Providing open access

Republican, Democrat lead push to increase transparency in government

If you ask the federal government for information, be prepared to wait. The federal law that governs the release of documents, the Freedom of Information Act, requires a timely response, but that doesn’t mean you’ll get one.

Information has often been slow to come out of the federal government, despite the requirements. For example, the Homeland Security Department had a backlog of nearly 19,000 FOIA requests in 2009. The Justice Department’s backlog was nearly 5,000 requests.

Sens. Patrick Leahy and John Cornyn recently introduced legislation designed to address the way the government handles public requests for information. The Faster FOIA Act would create a bipartisan commission to study backlogs and report back to Congress with recommendations to shorten the time the public waits for information, and otherwise improve the law.

The delay in releasing information, often just a stalling tactic, is unconscionable. The public has a right to know — quickly — what is going on in its government.

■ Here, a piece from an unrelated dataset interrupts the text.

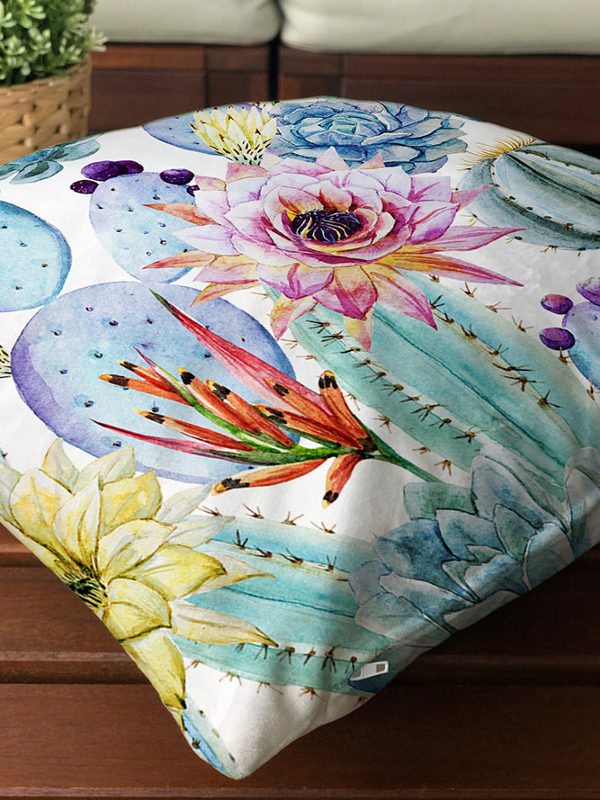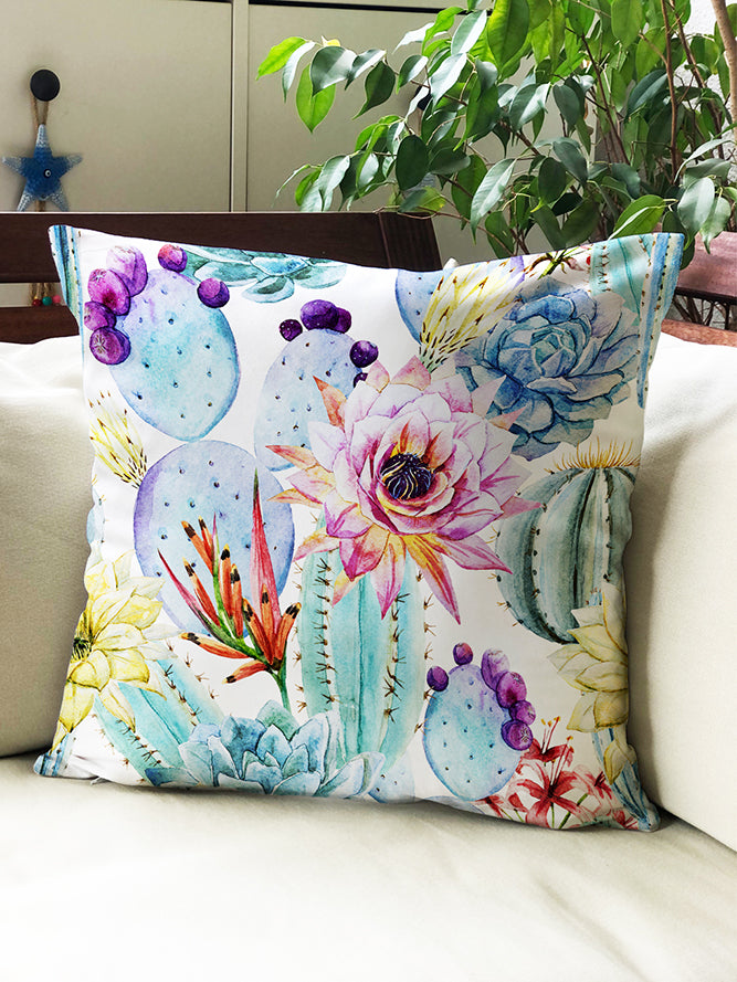 Milbay Çiçekli Kaktüs Bahçe Desenli Kırlent Kılıfı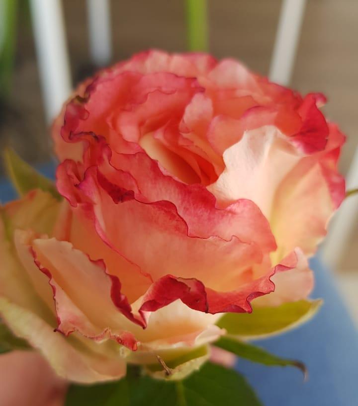 Чайно-гибридная роза. Цветки бокаловидной формы, перламутровые, ванильно-белого цвета с тонкой розовой каймой, имеют 26-40 лепестков. Лепестки гофрированные. Высота куста 80-90см. Цветёт на протяжении всего сезона. Основное назначение срезка, можно использовать для озеленения. В дождливую погоду могут появляться "веснушки"

That is one thought that should unify people of every political persuasion. Take, for example, Leahy and Cornyn, a very unlikely pair. Leahy is a Democrat from Vermont, Cornyn a Republican from Texas. But in announcing the bill, Leahy made an important point: “I have said many times that open government is neither a Democratic issue, nor a Republican issue — it is truly an American value and virtue that we all must uphold.”

Indeed, and the New England liberal and the Texas conservative have worked for several years to make open government a bipartisan issue, having successfully sponsored other legislation intended to make government more open to the public.

Over the years, FOIA has had a huge effect. Information released through the law has led to the recall of dangerous products, including the Ford Pinto and a widely used food dye. There have been countless other stories in which fraud, corruption and waste have been exposed, as have controversial government policies. (The Bush administration’s infamous torture memos came out through FOIA requests.)

Before the law went into effect in 1967, the public didn’t have a clear right to know. In the years since, Congress has continued to push federal agencies, which are mandated to have offices that respond to public requests for information. Unfortunately, the bureaucracy hasn’t always worked with the public to make information quickly or easily available, and that’s why the work of Leahy and Cornyn is so important.

After all of the rancor in the past year, it is good to see two senators from opposing political viewpoints come together on such a vital issue.